A SENIOR Swindon solicitor has spoken out against the opening up of magistrates’ court on Saturdays.
The Princes Street court already opens on Saturday mornings for cases deemed so serious by the police that the suspects involved have been held in the cells.
But the HM Courts and Tribunal Service has confirmed to the Adver that Swindon Magistrates’ Court will now also be dealing with drink driving and other traffic offences from Saturday, August 15.
Lawyers and their clients can apply to have cases moved to a weekday if they aren’t able to attend.
A spokesman said: “The range of cases heard at Swindon Magistrates’ on a Saturday will be temporarily extended to help reduce the overall caseload and ensure swift justice.”
HMCTS has said the Legal Aid Agency will arrange for additional duty solicitors to be available, with cover being organised on a voluntary basis.
But the Adver understands solicitors’ firms will not be paid extra to cover the Saturday courts.
And Swindon solicitor Rob Ross, who runs Victoria Road-based firm Ross Solicitors, has spoken out about the change.
He said: “I can’t expect my staff to do things for nothing.
“We’ve told them [HMCTS] we’re being offered absolutely nothing and put ourselves out.”
The experienced lawyer questioned why there was a need to run Saturday courts when the courts were oftentimes sitting idle from Monday to Friday.
“Why are you having to have Saturday courts to get rid of a backlog when you’re not using courts during the week?” he asked.

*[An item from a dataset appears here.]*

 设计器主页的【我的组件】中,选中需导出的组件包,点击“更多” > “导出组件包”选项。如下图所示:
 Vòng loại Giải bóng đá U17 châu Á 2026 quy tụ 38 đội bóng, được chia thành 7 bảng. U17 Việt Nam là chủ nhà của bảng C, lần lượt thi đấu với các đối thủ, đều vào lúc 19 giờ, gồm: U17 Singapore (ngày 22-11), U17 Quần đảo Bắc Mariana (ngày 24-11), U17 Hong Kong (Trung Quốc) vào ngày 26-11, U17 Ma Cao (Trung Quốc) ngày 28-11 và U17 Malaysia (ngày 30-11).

In a message to the Lord Chancellor and Justice Secretary, South Swindon MP Robert Buckland, Mr Ross said: “Why don’t you come and talk to people who are actually working on the coal face and find out what it is actually like, then you might get some conception about how to make things better.”

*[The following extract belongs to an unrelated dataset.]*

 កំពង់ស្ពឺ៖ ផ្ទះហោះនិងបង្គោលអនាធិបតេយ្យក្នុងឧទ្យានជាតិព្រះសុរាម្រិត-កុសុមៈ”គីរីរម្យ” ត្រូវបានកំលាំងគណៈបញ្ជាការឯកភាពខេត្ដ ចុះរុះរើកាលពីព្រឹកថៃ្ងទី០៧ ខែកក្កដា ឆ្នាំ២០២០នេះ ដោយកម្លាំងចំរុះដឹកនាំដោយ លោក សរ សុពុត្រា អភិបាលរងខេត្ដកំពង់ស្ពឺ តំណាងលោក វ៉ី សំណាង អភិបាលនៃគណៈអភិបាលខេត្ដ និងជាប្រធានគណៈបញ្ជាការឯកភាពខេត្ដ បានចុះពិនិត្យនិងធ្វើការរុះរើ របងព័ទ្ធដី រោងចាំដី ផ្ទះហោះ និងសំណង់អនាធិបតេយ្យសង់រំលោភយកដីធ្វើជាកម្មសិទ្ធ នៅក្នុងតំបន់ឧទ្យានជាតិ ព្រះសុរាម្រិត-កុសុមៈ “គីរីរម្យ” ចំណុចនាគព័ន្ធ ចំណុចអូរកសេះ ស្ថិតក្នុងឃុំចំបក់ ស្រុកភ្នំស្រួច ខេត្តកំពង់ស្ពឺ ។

A spokesman for Mr Buckland replied: “Solicitors will get paid for the work they do and it is misleading to suggest otherwise.

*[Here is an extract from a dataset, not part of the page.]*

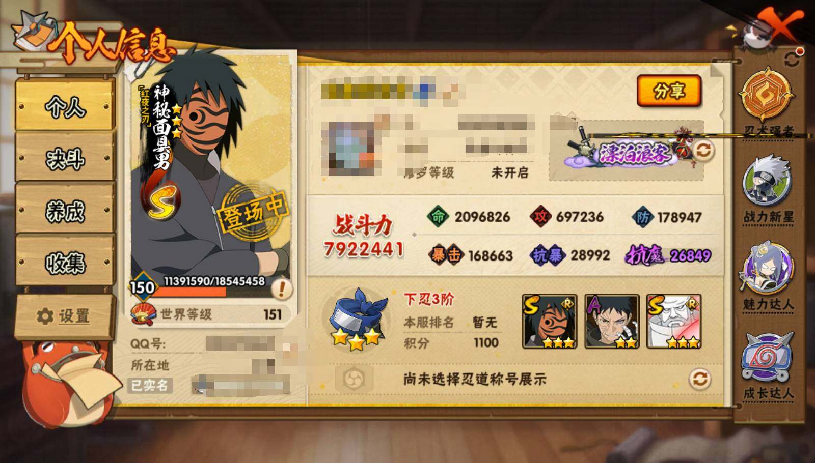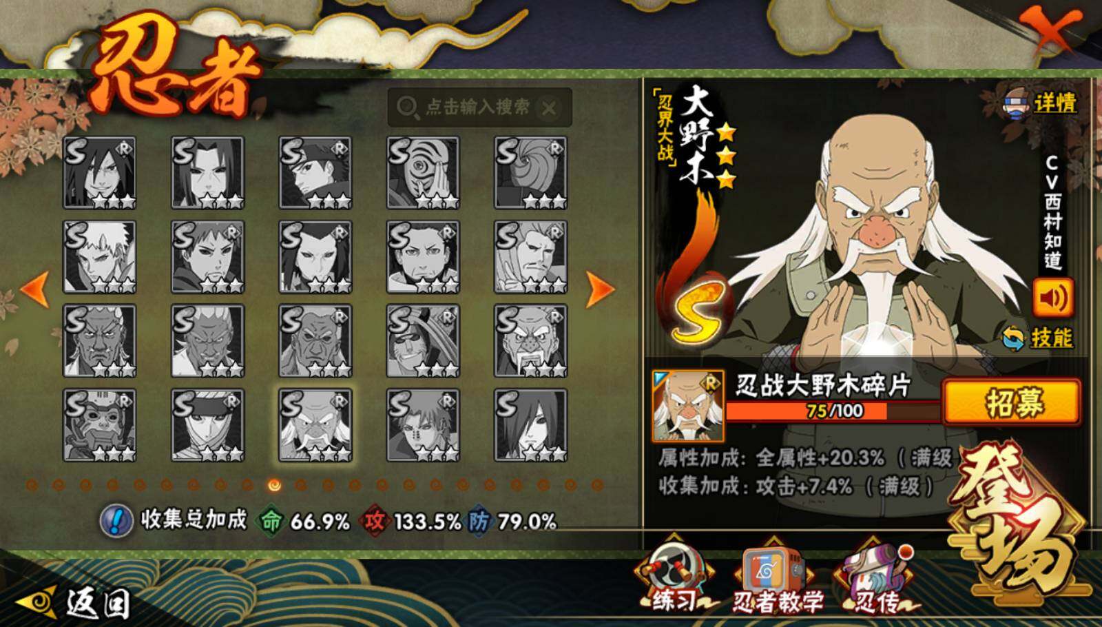 V11/战力792W/S忍20/A忍36/2星大野木「侠隐江湖」

“Magistrates are of course volunteers and Robert is extremely grateful to them for rising to the challenge coronavirus has given the justice system.
“The Lord Chancellor has spent almost all of his professional career working in courts and speaks to practitioners on an almost daily basis.
“There seems little point in speaking with Mr Ross as you can find out whatever’s on his mind by opening a local newspaper on any given day.”